Al acto asistieron, igualmente, el presidente del Instituto de Estudios y de la Mancomunidad, Diego González de la Torre y el director del organismo académico, Ángel Saez.
Una vez abierta la sesión por el presidente de la Sección Décima, Eduardo Briones, el presidente de la Mancomunidad realizó una breve intervención en la que pasó revista a los últimos acontecimientos que han afectado al Instituto, señalando que probablemente éstos hubieran causado cierta intranquilidad y malestar entre sus miembros. Señaló que tras el cambio de gobierno sufrido por la Mancomunidad, “lo primero que se comprobó fue que la situación económica era muy difícil debido a la deuda económica acumulada”, pero que dicha situación se encuentra en vías de solución.
Tras el anuncio del plan de ajuste político de la entidad, realizado la semana pasada, que afectará al cincuenta por ciento de su estructura, anunció que se producirán en breve otra serie de ajustes “para conseguir que la Mancomunidad sea viable”. Informó sobre los requisitos que la nueva legislación establece para la supervivencia de instituciones como el ente comarcal, entre ellas que no se dupliquen competencias que ya se encuentren en otras administraciones, lo que ahora se denominan competencias impropias. Sobre el Instituto de Estudios, apuntó que se veía afectado por estas circunstancias, “aunque vamos a luchar para mantenerlo dentro de la Mancomunidad. Deberemos buscar la fórmula, otros mecanismos y nuevas ideas “, añadió.

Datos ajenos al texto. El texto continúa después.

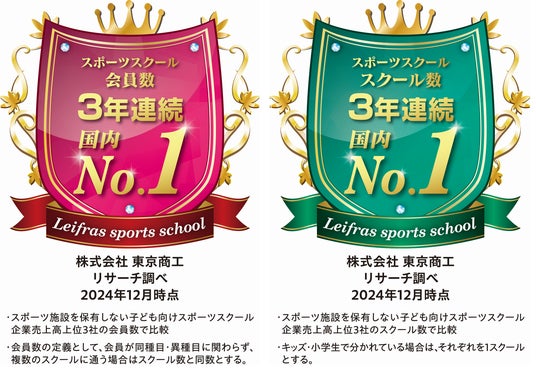スポーツスクール会員数・スクール数3年連続国内No.1

Reiteró el apoyo de la Mancomunidad a la institución académica, para la que habrá que buscar financiación alternativa, dijo González de la Torre. Por último, señaló que la biblioteca que había tenido que ser retirada del edificio del Parque de las Acacias, debido a las obras, se encuentra de nuevo instalada y disponible para su uso y consulta en el edificio adyacente al de la Mancomunidad, en el mismo parque.
Diversidad de la Bahía
Tras la intervención del presidente, Jonh Cortés y José Carlos García protagonizaron el encuentro. El doctor en Biología y hoy ministro del Gobierno de Gibraltar, apoyó su intervención con una serie de fotografías fundamentalmente de la fauna acuática de la Bahía y de aves que recalan en Gibraltar, poniendo énfasis en lo delicado de los fondos marinos de la zona y en su rica biodiversidad, añadiendo que el medioambiente no entiende de barreras ni líneas divisorias. Destacó su firme voluntad de que Gibraltar incremente su compromiso con el medio marino, añadiendo una serie de actuaciones que en el pasado se realizaban desde Gibraltar, que suponían cierta amenaza para el medioambiente, y que ya se han descartado de cara al futuro.
Entre los aspectos que se han mejorado, destacó el alejamiento de la zona de arrecifes de la zona de fondeo al Este del Peñón, para evitar que las operaciones de anclaje de los buques dañen los fondos, además de estar en preparación una normativa que regule las actividades subacuáticas, así como la pesca deportiva.
José Carlos García Gómez, por su parte, puso especial énfasis en destacar el proyecto de Microrreservas Marinas Artificiales y la relevancia que estas pueden llegar a tener para la regeneración de determinadas especies. Planteó la conveniencia de establecer dos de estas reservas en el Estrecho, a ambos lados del canal, lo que constituiría una acción única en el mundo. Puso como ejemplo el resultado de uno de los estudios llevados a cabo en el puerto de Ceuta donde se han detectado 14.000 ejemplares de una especie en peligro de extinción, cuando en el resto de la Península Ibérica no se contabilizan más de mil ejemplares en total.
En el debate que se suscitó tras las dos intervenciones, los asistentes se interesaron por el control de la pesca y el marisqueo furtivos en el Parque Natural del Estrecho y su repercusión en la conservación de determinadas especies, así como en la afectación que sufre el medio marino de la Bahía por los vertidos de aguas residuales procedentes de las grandes aglomeraciones urbanas.
El presidente de la Sección Xª del Instituto, Eduardo Briones, puso sobre la mesa la conveniencia, en línea con lo debatido, de crear una comisión técnica compuesta por especialistas de Gibraltar y del Campo de Gibraltar, que sirviera de órgano de asesoramiento sobre medioambiente a la hora de tomar decisiones que pudieran afectar al entorno de la Bahía.